How do neural networks learn so well?
Remember that time when DeepMind created an AI model capable of beating the world champion of the game Go? What about the time when everyone got hooked on posting deep fake videos, all generated by AI? If you don’t remember either of those, you’re perfectly excused. Since then, so many other breakthrough use cases have emerged for AI models. Take, for instance, the tool created to predict the shape of every known protein, or the one created to generate images based on textual prompts, or more recently, the internet’s newest chatbot obsession, ChatGPT, now powering some of Microsoft’s product suite.
Every single one of the breakthroughs above— and many more — share a commonality: they were all created with some flavor of a ‘neural network’, an advanced class of AI architecture that typically requires lots of data and computing resources. But one of the secret sauces of neural networks lies not in their great scaling ability or large sizes, but in a clever learning algorithm they use called gradient descent. Without this algorithm, it’s possible neural networks could have never been deployed at the scale they have — and problems in data science, medicine, and business may never have been solved. In this piece, we will discuss what gradient descent is, how it works, and along the way, we’ll learn a few things about loss functions and partial derivatives. Buckle up!

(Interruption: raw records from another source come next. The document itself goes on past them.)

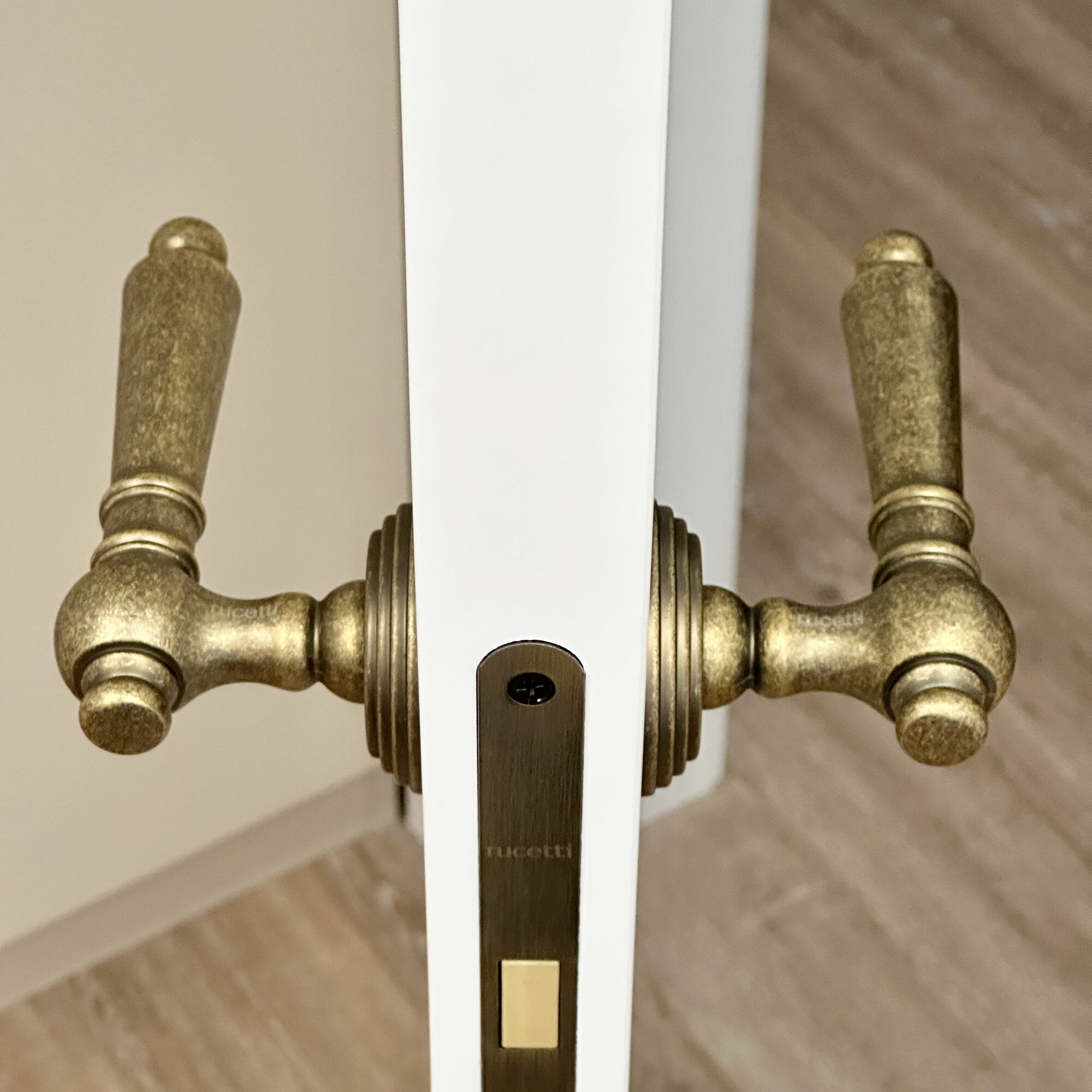 Дверные ручки Rucetti (Ручетти) RAP-CLASSIC-L 8 OMB + Межкомнатный замок RP1895 AB + Завертка сантехническая RAP-CLASSIC-L WC OMB / Межкомнатные дверные ручки с замком и фиксатором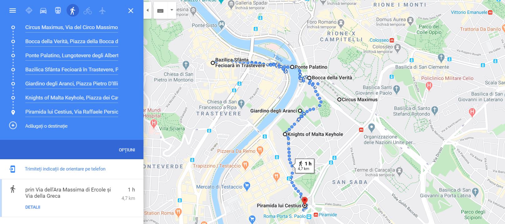 TRASEU ZIUA 3: Circus Maximus - Mouth of Truth - Ponte Palatino - Trastevere - Giardono degli Aranci - Knights of Malta Keyhole - Piramid of Cestitus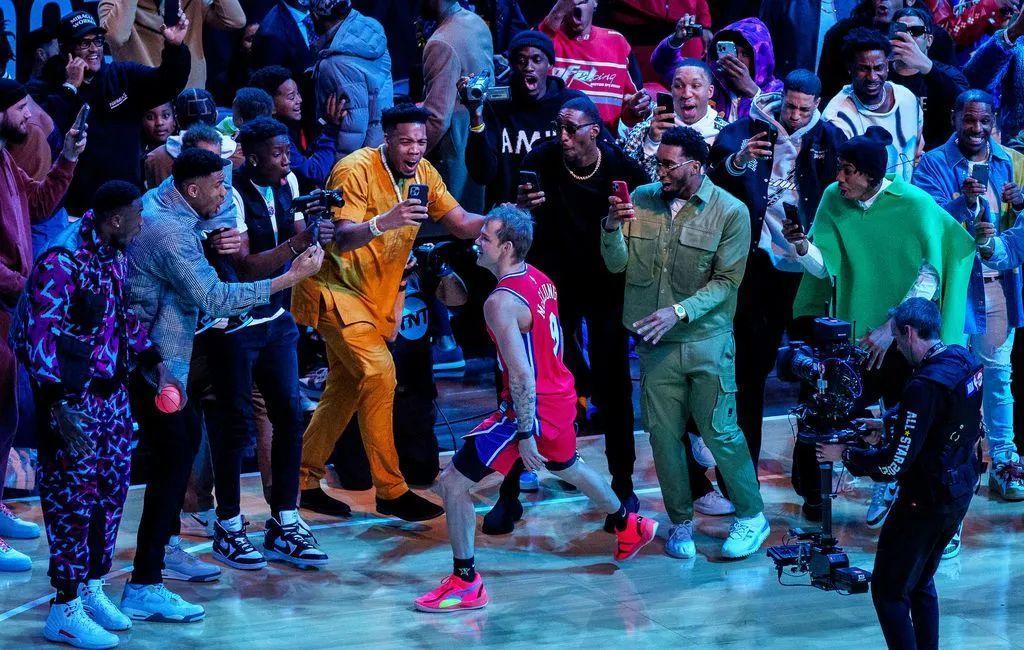 以字母哥爲首的一羣全明星球員圍繞在他的身邊,化身爲狂熱的粉絲,他們剛剛目睹的一切把他們驚得目瞪口呆。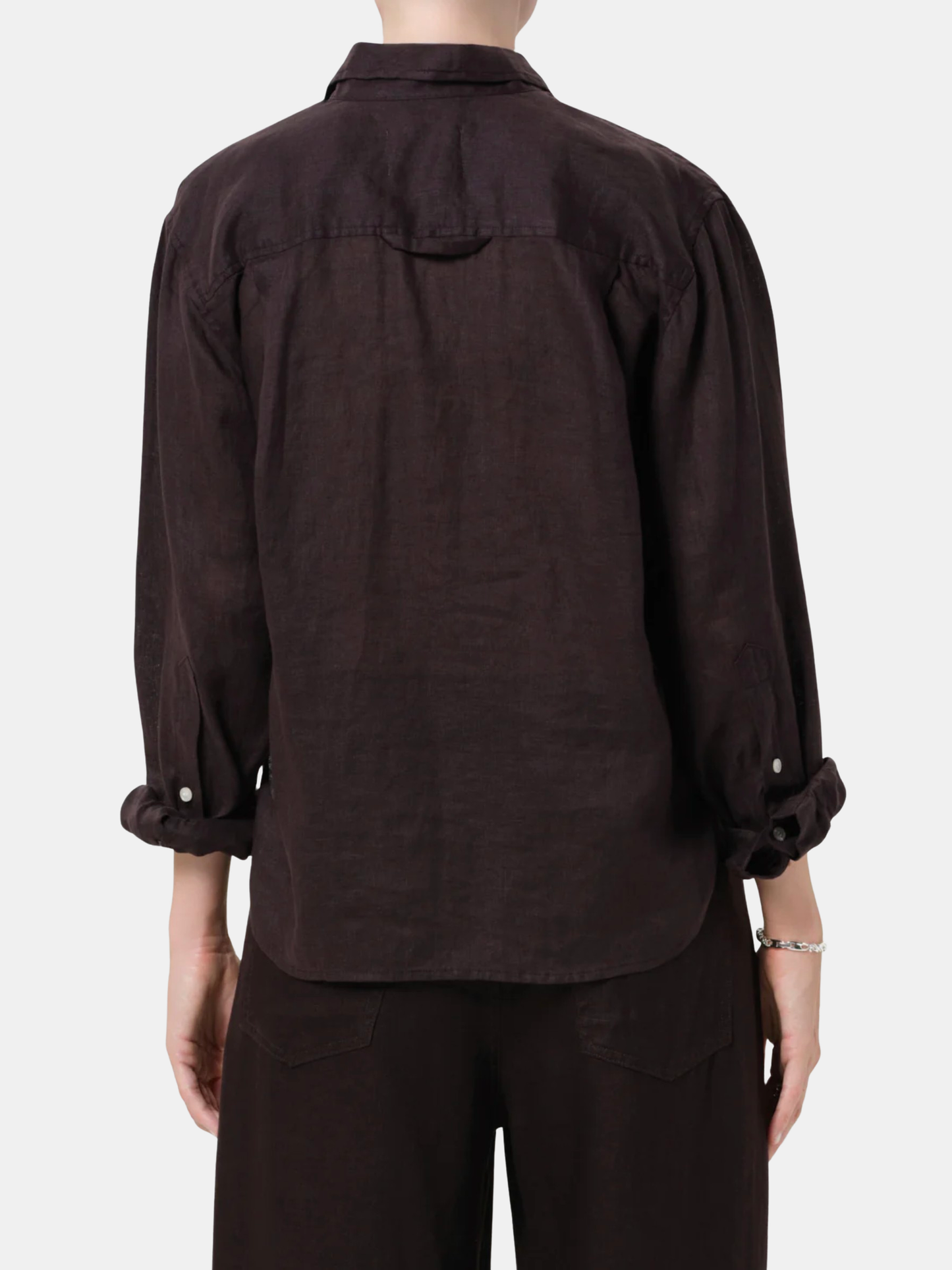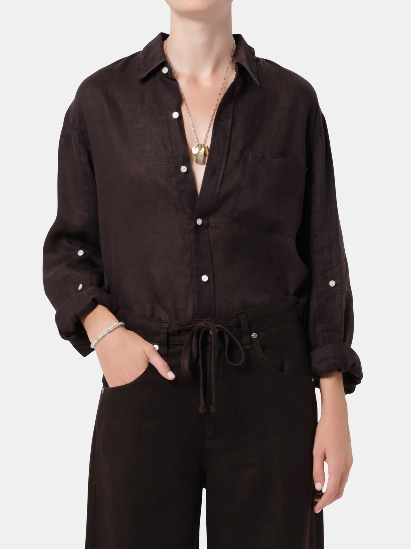 The Shrunken Kayla Shirt reimagines the classic button-down with a more tailored, cropped fit. Crafted from super lightweight linen, it’s ideal for layering over swim or pairing with your favorite travel pieces. The oversized silhouette is redefined with a high-low hem, adding a modern twist to this timeless staple. Versatile and effortlessly chic, it’s perfect for creating polished, laid-back looks year-round. Wear with the coordinating Brynn Drawstring Trouser. Shown in Chocolate and Vanilla.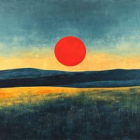 "Gloeiende Lucht" is een opvallende minimalistische weergave van de stille kracht van de natuur. Het schilderij vangt het dramatische contrast tussen een gloeiende rode zon en het donkerende landschap hieronder, tegen een achtergrond van vervagende schemering. De eenvoudige vormen en gedurfde kleuren roepen een gevoel van rust op, maar er is een onderliggende intensiteit die spreekt over de altijd aanwezige krachten van de natuur. Dit kunstwerk trekt de kijker in een moment van stilte, waar de dag de nacht ontmoet in een harmonieuze balans van licht en schaduw.
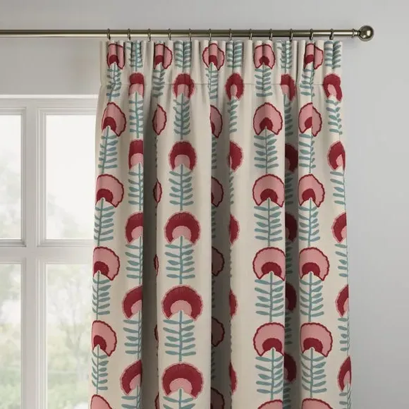 The Made to Measure Curtains feature a retro folk art inspired floral design with premium polycotton composition. The simplified florals in modern symmetrical layout provide charm and colour, while the soft handle fabric offers durable everyday performance. Available with multiple header options including pencil pleat, eyelet, or double pinch pleat, plus lining choices of blackout or thermal for customised light control. Handcrafted to exact measurements, these curtains ensure a perfect fit with polished finish.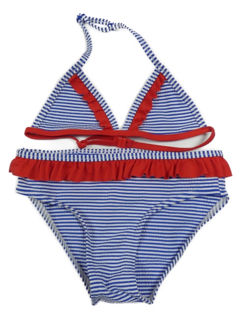 Modro-bílo-červené pruhované dvoudílné plavky s volánky C&A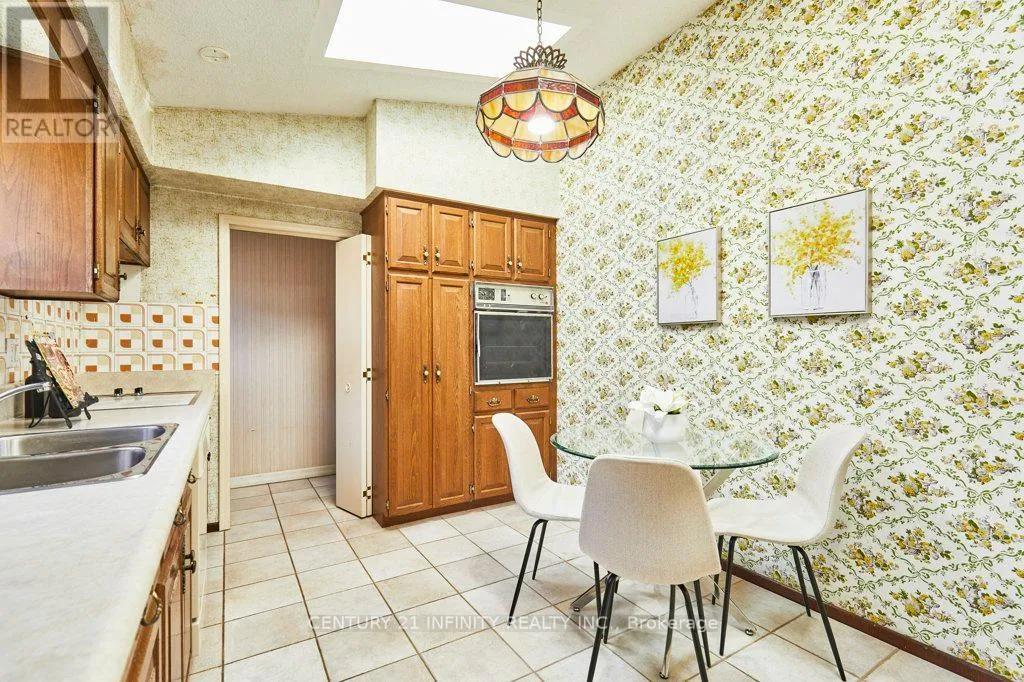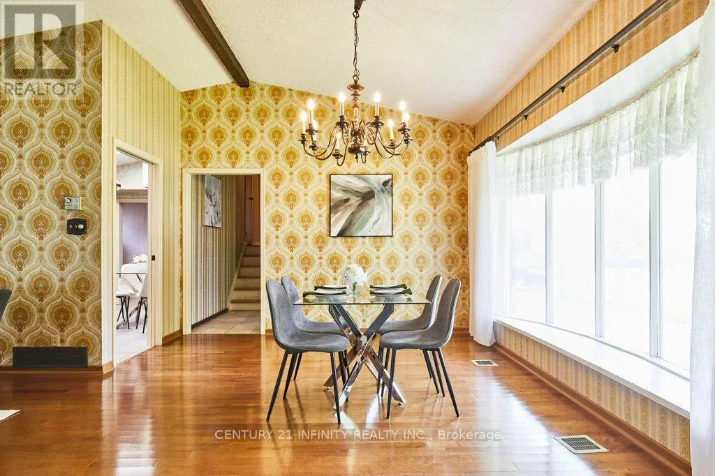 The main floor showcases a breathtaking open-concept great room featuring gleaming hardwood floors, soaring vaulted ceilings, and a striking floor-to-ceiling oversized brick wood-burning fireplace. This versatile space combines the living room, dining area, and an optional home office nook, perfect for today's lifestyle. The bright and spacious eat-in kitchen is equipped with tiled floors, high ceilings, and a skylight, adding to the home's charm. A separate entrance to the basement is conveniently located just off the kitchen. Upstairs, an impressive addition over the two-car garage has created two exceptionally large bedrooms, each featuring double closets and oversized windows that invite the sunshine in. Three additional bedrooms and a 4-piece bathroom round out the upper level, providing ample space for family and guests. The basement is a true bonus, offering an expansive crawl space for all your storage needs, a utility room complete with laundry facilities, and a massive recreation room with ample above-ground windows and a dry bar. You'll also find a convenient 3-piece bathroom and interior access to the two-car garage. Ideally located in the highly sought-after Agincourt area, this home is mere minutes from Highway 401 and boasts proximity to top-rated schools, shopping centers, places of worship, Agincourt Go Station, and public transit.. Don't miss out on this incredible opportunity - make this house your forever home! (id:27476)

How do AI models actually learn?
To talk about gradient descent, an algorithm that helps with learning, we have to start with a discussion about how AI models learn to begin with. Artificial intelligence (AI) is a broad term used to describe systems that can intelligently make predictions or decisions that, to some extent, emulate complex human cognition. An AI system can be deterministic, that is, built with precise rules that will always lead to the same outcome as long as the inputs are the same. But more often than not, AI systems are stochastic, that is, built with probabilistic models that can give different outputs even when the inputs are the same. When you read about AI these days, you are probably going to be reading about stochastic models, or rather, by their 21st-century name: machine learning. Neural networks, by the way, are great examples of machine learning models.
The great thing about machine learning is that we have a clear mechanism to improve the model’s accuracy —through learning. Of course, models don’t have artificial brains that can remember things and apply them later. But models can still learn — it’s just that what we mean by learning here has a different meaning. In machine learning, we refer to ‘learning’ as the process where we change different aspects of the model and calculate how those changes impact the model's accuracy. Since our goal is to have the most accurate model possible, successful learning is one where parameters change until accuracy is maximized.
There are different ways to measure accuracy. In some use cases, it may be more important for the model to prioritize minimizing false positives, in other cases, it may be more important for the model to minimize false negatives. And, of course, there are many cases where the outcome is not binary — the price of a house, the probability of an event happening, and word similarity, to name a few. In general, even though there are use-specific types of accuracy, we can always think of accuracy as an inverse measurement of error. In other words, the less error our models produce, the more accurate they are. We can, therefore, reframe model learning as the tuning of parameters that yields the minimum overall error — and we’ll stick to this definition for the rest of this piece.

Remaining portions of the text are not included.